Enter Greymachine, which is worth getting excited about due to the presence of a few other people of note: Aaron Turner, of Isis (another metalloid band that someone else once described as “a happier Godflesh”); Diarmuid Dalton, of ‘Flesh and Jesu and Final, as well as the underrated Cable Regime; and Dave Cochrane, most notably of the also-underappreciated Head of David (where Broadrick served as drummer for a time). The end result is a filthy mess of twisted wreckage that brings to mind everything from Broadrick’s early outfit Fall of Because—they existed in parallel with Napalm Death, where Broadrick also briefly appeared, and that alone should tell you what level of ferocity is at play here.
One of Fall of Because’s songs was named “Grind”, and that’s a good summary for what Greymachine sounds like: grinding, shearing instrumentation, played at a positively funereal pace. The guitars sound like they could be basses, and the basses sound like they could be horns, and the horns could well be vocals—everything’s one giant monstrous murk, with something like a fragment of a melody poking out every so often. There’s not that much differentiation between songs: “Sweatshop” has some frantic-sounding taped-off-TV voices at the beginning, and “Easy Pickings” has some looped guitar samples that wouldn’t be out of place on the more recent Final albums. And a couple of tracks have something approaching melody: “When Attention Just Isn’t Enough” has a fairly prominent guitar line (at least I think it’s a guitar) that I wouldn’t mind hearing in a cleaner mix.

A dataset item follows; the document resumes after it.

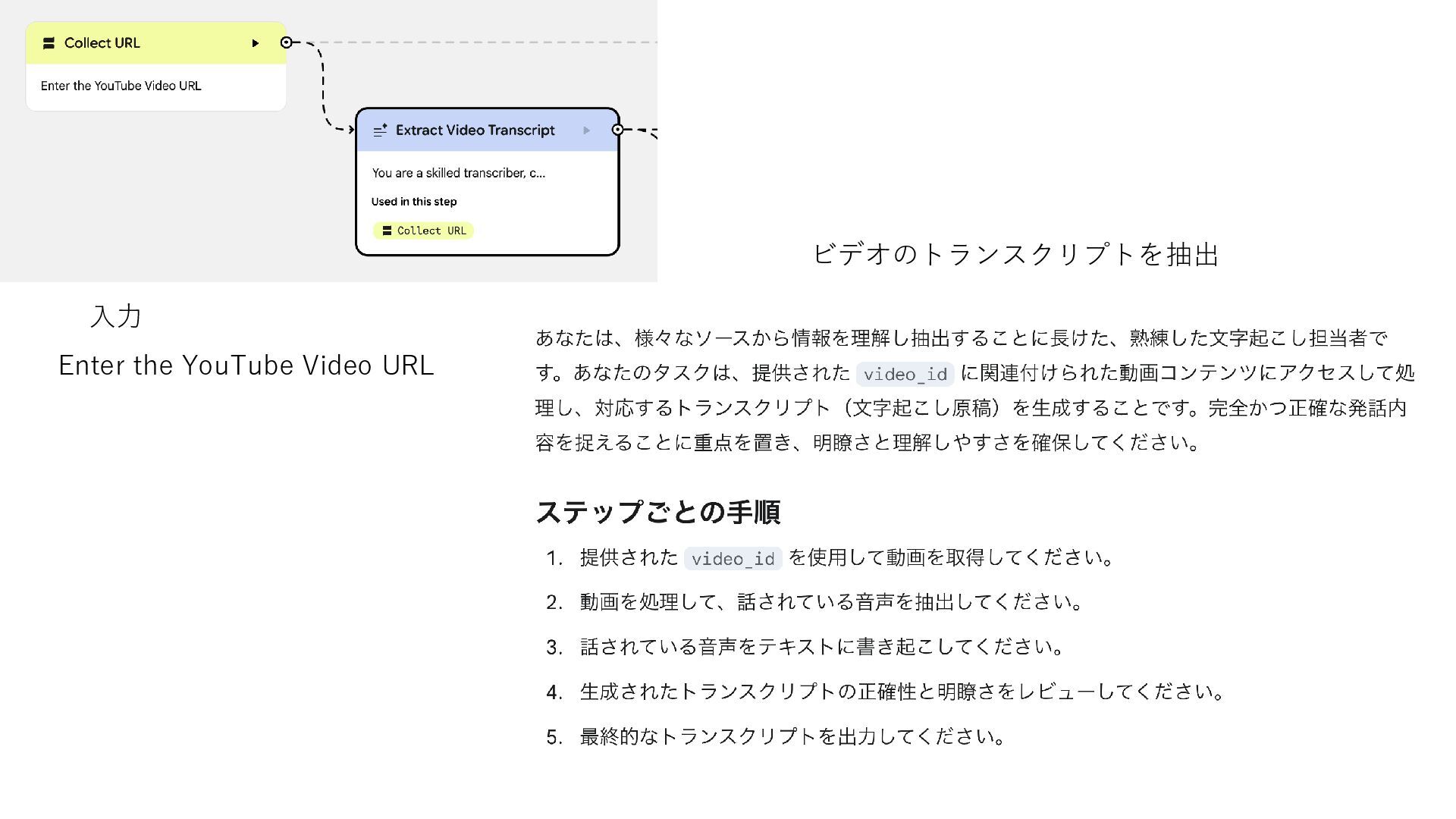 Enter the YouTube Video URL 入力 ビデオのトランスクリプトを抽出

For the most part, though, it’s all one big mass of thundering sonority. And it also reminds me of what I miss most about Godflesh: somehow, through all the roaring guitar lines and bone-breaking drum machines, there was emotion and human connectivity and even heart. Greymachine is all guts but not much soul—albeit fine if you like such things. I know I do; I just like other things, too.